Bound only. Let $l=\frac{n}{p_1}$, where $p_1$ is the smallest prime dividing $n$, and suppose $P(a_1, a_2, \cdots a_n)$ works. Then, if we let $\omega$ be a primitive $n$-th root of unity, the single-variable polynomial $R(x)=P(x, \omega, \omega^2,\cdots \omega^{p_1}x, \omega^{p_1+1},\cdots \omega^{2p_1}x, \cdots\omega^{n-1})$ has to vanish at $x=1, \omega^{p_1},\cdots \omega^{(l-1)p_1}$, so it is divisible by $x^l-1$, but it can't be identically zero since it shouldn't vanish at $x=\omega$ $\implies$ its degree is at least $l$, and since the degree of $R$ is at most equal to the degree of $P$, the latter has to have degree $\geq l$.

MatteD wrote: Bound only. Let $l=\frac{n}{p_1}$, where $p_1$ is the smallest prime dividing $n$, and suppose $P(a_1, a_2, \cdots a_n)$ works. Then, if we let $\omega$ be a primitive $n$-th root of unity, the single-variable polynomial $R(x)=P(x, \omega, \omega^2,\cdots \omega^{p_1}x, \omega^{p_1+1},\cdots \omega^{2p_1}x, \cdots\omega^{n-1})$ has to vanish at $x=1, \omega^{p_1},\cdots \omega^{(l-1)p_1}$, so it is divisible by $x^l-1$, but it can't be identically zero since it shouldn't vanish at $x=\omega$ $\implies$ its degree is at least $l$, and since the degree of $R$ is at most equal to the degree of $P$, the latter has to have degree $\geq l$. Oh wow this is slick. I got the construction part pretty quick but was stuck on bounding it before going to bed yesterday. For the construction part, the following is a relatively easier way compared to the one above. Let $\omega$ be the primitive $n$-th root of unity.
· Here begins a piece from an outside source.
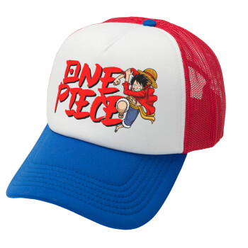 One Piece, Adult Soft Trucker Hat with Red/Blue/White Mesh (POLYESTER, ADULT, UNISEX, ONE SIZE)

Then let $\pi$ be such that $\pi\in\mathbb{C}\backslash\overline{\mathbb{Q}[\omega]}$, and \[P(a_1,\ldots,a_n) = \sum_{d|n, d<n}\pi^d\sum_{i=1}^{n}a_i^d.\]Then clearly $P(a_1,\ldots,a_n)=0$ for some $a_1,\ldots,a_n\in\mathcal{S}$ if and only if $\sum_{i=1}^{n}a_i^d=0$ for any $d|n, d<n$. It is also clear that if $a_1,\ldots,a_n$ are distinct elements in $\mathcal{S}$ then $P(a_1,\ldots,a_n)=0$ and so it remains to show that there are no other common zeroes in $\mathcal{S}^n$. Let $a_1,\ldots,a_n = \omega^{b_1},\ldots,\omega^{b_n}$ where $0\leq b_i<n$. Let $Q(x) = \sum_{i=1}^{n}x^{b_i}$. Then $P(a_1,\ldots,a_n)=0$ implies that $\sum_{d|n, d<n}Q(\omega^d)=0$. Note that the conjugates of $\omega^d$ are $\omega^m$ with $\gcd(m,n)=d$ for any $d|n, d<n$. Therefore $Q(\omega^m)=0$ for any $1\leq m<n$, showing that $1+x+\cdots+x^{n-1}\mid Q(x)$. This forces $\{b_1,\ldots,b_{n}\}=\{0,1,\ldots,n-1\}$, as desired.
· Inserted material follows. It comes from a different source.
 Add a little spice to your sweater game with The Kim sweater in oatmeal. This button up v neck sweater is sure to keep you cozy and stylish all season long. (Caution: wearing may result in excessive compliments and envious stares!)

USJL wrote: Oh wow this is slick. I got the construction part pretty quick but was stuck on bounding it before going to bed yesterday. Funnily enough, it was quite the opposite for me. I had the idea to get all the symmetric sums to vanish, but wasnt able to show this implies all the values being distinct (which needed the idea of looking at the conjugates).

MatteD wrote: USJL wrote: Oh wow this is slick. I got the construction part pretty quick but was stuck on bounding it before going to bed yesterday. Funnily enough, it was quite the opposite for me. I had the idea to get all the symmetric sums to vanish, but wasnt able to show this implies all the values being distinct (which needed the idea of looking at the conjugates). Yeah that part is also a bit tricky. I can see people solving either part quickly and stuck on the other part forever lol.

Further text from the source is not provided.